Since you're using FastLED, we can cleanup your code a little as well - which includes the new function, but is not yet considering following marbles;

/* LDR triggered LED Strip with WS2812B and LED effect "Fire" (by Hans)
 *  20.02.2021
 */

#define FASTLED_INTERNAL // just used to mute the Pragma messages when compiling
#include "FastLED.h"

#define NUM_LEDS 60
CRGB leds[NUM_LEDS];
#define PIN 6
const int analogPin = A0; // pin that the sensor is attached to
const int ledPin1 = A2; // pin that the green LED is attached to
const int ledPin2 = A1; // pin that the yellow LED is attached to
const int threshold = 800; // an arbitrary threshold level that's in the range of the analog input

void setup() {
  FastLED.addLeds < WS2811, PIN, GRB > (leds, NUM_LEDS).setCorrection(TypicalLEDStrip);

  // initialize the LED pin as an output:
  pinMode(ledPin1, OUTPUT);
  pinMode(ledPin2, OUTPUT);
}

void loop() {
  // read the value of the ldr:
  int analogValue = analogRead(analogPin);

  // if the analog value is high enough, turn on the LED2yellow:
  if (analogValue > threshold) {
    digitalWrite(ledPin2, HIGH);
  } else {
    digitalWrite(ledPin2, LOW);
  }

  // if the analog value is low enough, turn on the LED1green:
  if (analogValue < threshold) {
    digitalWrite(ledPin1, HIGH);
    FireTimed(55, 120, 15, 10); //          ruft die Funktion FIRE auf, wenn LDR unterbrochen

  } else {
    digitalWrite(ledPin1, LOW);
  } //  könnte ich hier die Funktion für FIRE aufrufen?

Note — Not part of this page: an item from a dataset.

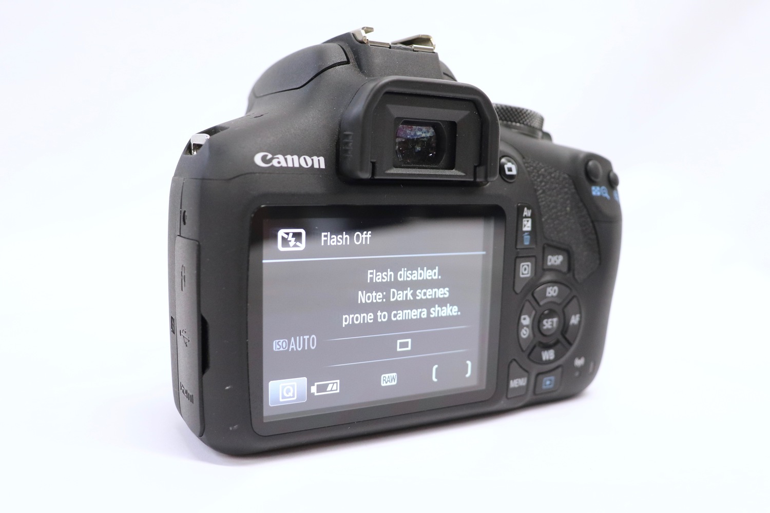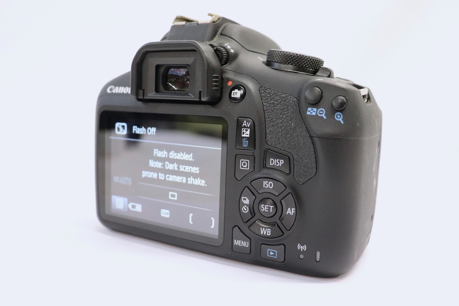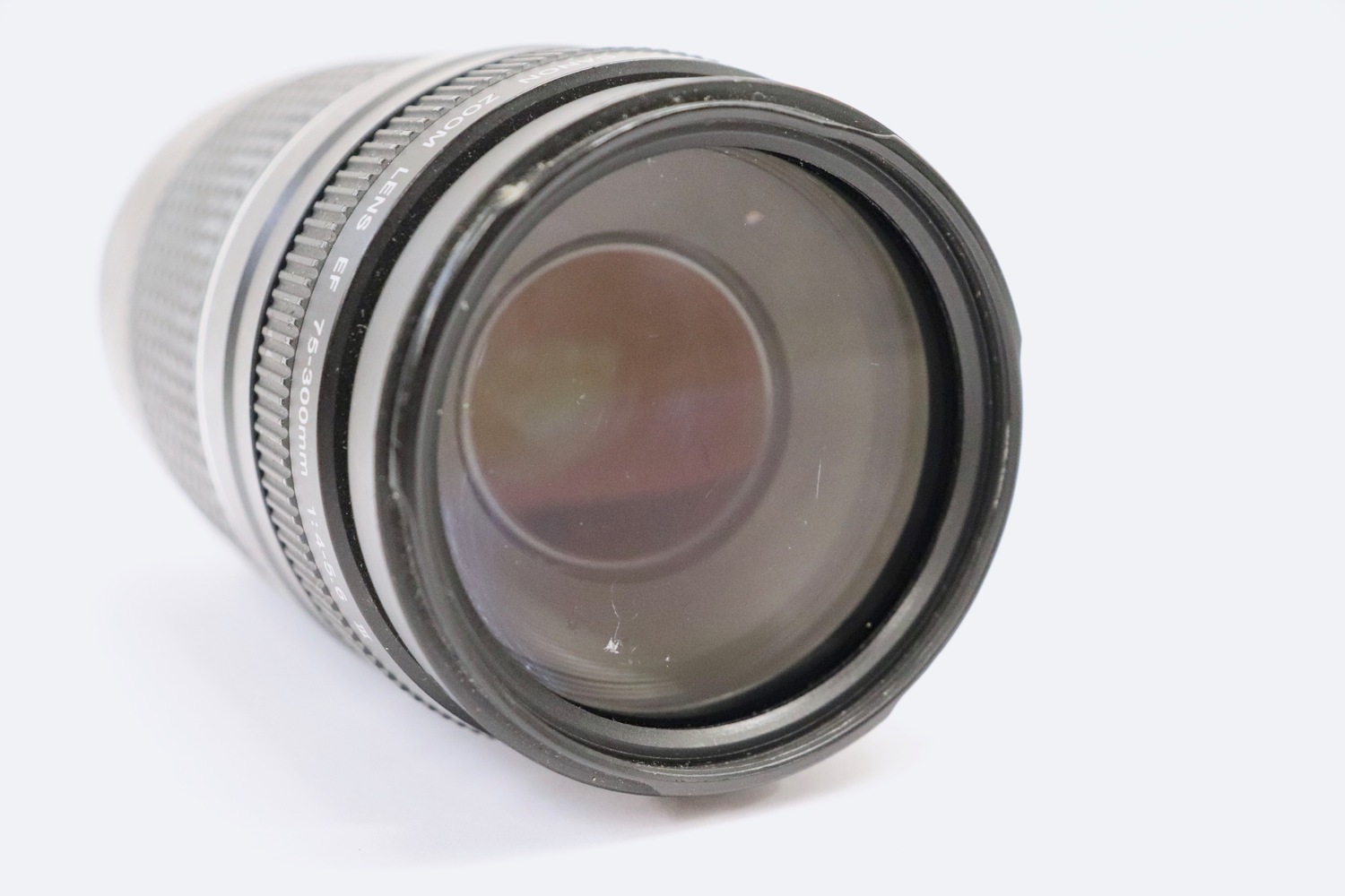 Canon Rebel T7 DSLR camera paired with a Canon 75-300mm zoom lens. The camera body is in excellent condition with very light handling wear only. Screen is clean and clear with no scratches or scuffs. Fully tested and working as it should.

  delay(1); // delay in between reads for stability
}

void FireTimed(int Cooling, int Sparking, int SpeedDelay, int Seconds) {
  unsigned long startTime = millis();
  unsigned long runMillis = 1000 * Seconds;

  while (millis() - startTime < runMillis) {
    Fire(Cooling, Sparking, SpeedDelay);
  }
}

void Fire(int Cooling, int Sparking, int SpeedDelay) {
  static byte heat[NUM_LEDS];
  int cooldown; {
    // Step 1.  Cool down every cell a little
    for (int i = 0; i < NUM_LEDS; i++) {
      cooldown = random(0, ((Cooling * 10) / NUM_LEDS) + 2);

      if (cooldown > heat[i]) {
        heat[i] = 0;
      } else {
        heat[i] = heat[i] - cooldown;
      }
    }

    // Step 2.  Heat from each cell drifts 'up' and diffuses a little
    for (int k = NUM_LEDS - 1; k >= 2; k--) {
      heat[k] = (heat[k - 1] + heat[k - 2] + heat[k - 2]) / 3;
    }

    // Step 3.  Randomly ignite new 'sparks' near the bottom
    if (random(255) < Sparking) {
      int y = random(7);
      heat[y] = heat[y] + random(160, 255);
      //heat[y] = random(160,255);
    }

    // Step 4.  Convert heat to LED colors
    for (int j = 0; j < NUM_LEDS; j++) {
      setPixelHeatColor(j, heat[j]);
    }

    FastLED.show();
    delay(SpeedDelay);
  }
}

void setPixelHeatColor(int Pixel, byte temperature) {
  // Scale 'heat' down from 0-255 to 0-191
  byte t192 = round((temperature / 255.0) * 191);

  // calculate ramp up from
  byte heatramp = t192 & 0x3F; // 0..63
  heatramp <<= 2; // scale up to 0..252

  // figure out which third of the spectrum we're in:
  if (t192 > 0x80) { // hottest
    leds[Pixel] = CRGB(255, 255, heatramp);
  } else if (t192 > 0x40) { // middle
    leds[Pixel] = CRGB(255, heatramp, 0);
  } else { // coolest
    leds[Pixel] = CRGB(heatramp, 0, 0);
  }
}

ReplyQuote
(@ledmeup)
Active Member
Joined: 10 months ago
Posts: 6
Topic starter  

Hi Hans!

You are the man!!! I wasn´t expecting an answer that soon. Thank you VERY much!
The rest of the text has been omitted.